Quantum versus classical effects in two-photon speckle patterns
Manutea Cand\'e, Sergey E. Skipetrov

TL;DR
This paper examines how disorder and quantum properties influence two-photon interference in disordered media, highlighting the role of entanglement and quantum state symmetry in the interference patterns.
Contribution
It reveals that disorder predominantly suppresses two-photon interference, while quantum state symmetry and entanglement can modify and enhance interference effects.
Findings
Disorder suppresses two-photon interference regardless of quantum state.
Quantum nature of light influences the interference pattern.

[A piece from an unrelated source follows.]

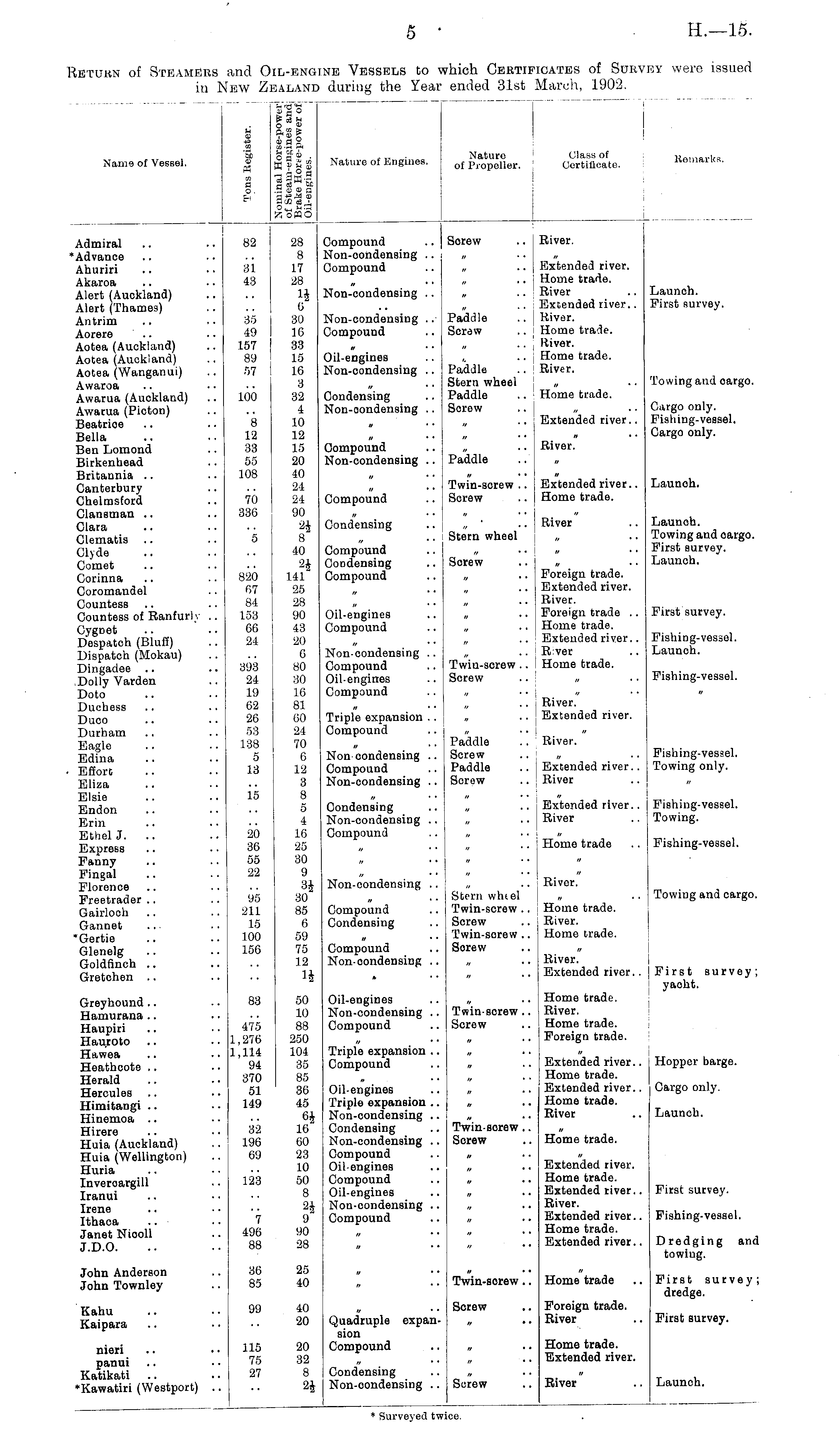 Return of Steamers and Oil-engine Vessels to which Certificates of Survey were issued in New Zealand during the Year ended 31st March, 1902.

Entangled states with different symmetries exhibit distinct interference robustness.
Abstract
We discuss quantum and classical aspects of two-photon interference in light transmission through disordered media. We show that disorder is the main factor that suppresses the interference, whatever the quantum state of the incident light. Secondarily, the two-photon interference is affected by the quantum nature of light (i.e., the well-defined number of photons in the two-photon entangled and Fock states as compared to the coherent state). And finally, entanglement is a resource that allows to prepare two-photon states with special symmetries with respect to the interchange of the photons and, in particular, the states with bosonic and fermionic symmetries. The two-photon interference is more robust for the latter states and its sign can be inverted for the fermionic state.